The setup takes about 20 minutes — create your intervals.icu account, connect your Garmin/Polar/Coros or Strava account (even with the API restrictions, the basic sync works fine for pulling activities), and let it backfill your history. If you have years of data, the historical power curve that emerges is immediately addictive.
Verdict: Stop Paying Strava to Lock Your Own Data Away
If you're a triathlete or endurance cyclist who's serious about progression — not "I want to be a pro" serious, just "I want to understand what my training is actually doing" serious — intervals.icu is the single highest-value tool you're probably not using. It's free. It takes your data from wherever it lives and gives you a proper analytical view that no native platform comes close to. The PMC chart alone is worth signing up for.

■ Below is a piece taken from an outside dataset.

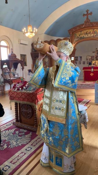 Његово Преосвештенство Епископ источноамерички г. Иринеј служио је 7. априла 2021. године, на празник Благовести, свету Литургију Светог Јована Златоустог у парохијској цркви Светог Георгија у Елизабету, Њу Џерси.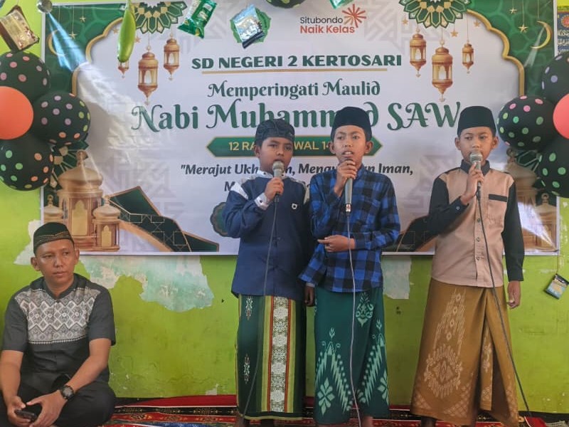 Situbondo 19 Sebtember 2025, SDN 2 KERTOSARI bersama Wali murid telah melaksanakan Maulid Nabi di SDN 2 KERTOSARI adalah perayaan hari lahir Nabi Muhammad SAW yang bertujuan mengenalkan akhlak mulia, menumbuhkan kecintaan pada Rasulullah, dan menanamkan nilai-nilai Islam kepada siswa sekolah dasar. Kegiatan ini melibatkan berbagai acara seperti ceramah kisah Nabi, lomba-lomba bertema Islam, pentas seni, pembacaan Al-Qur'an dan selawat, serta pawai mini di lingkungan sekolah.

Keep Strava. Keep your Garmin app. But add intervals.icu as the brain that sits on top of both of them. Your CTL will thank you.
Are you using intervals.icu already, or are you still letting Strava play analytics tool with a dataset it refuses to share back with you — and if you've made the switch, what's the first chart that actually changed how you trained?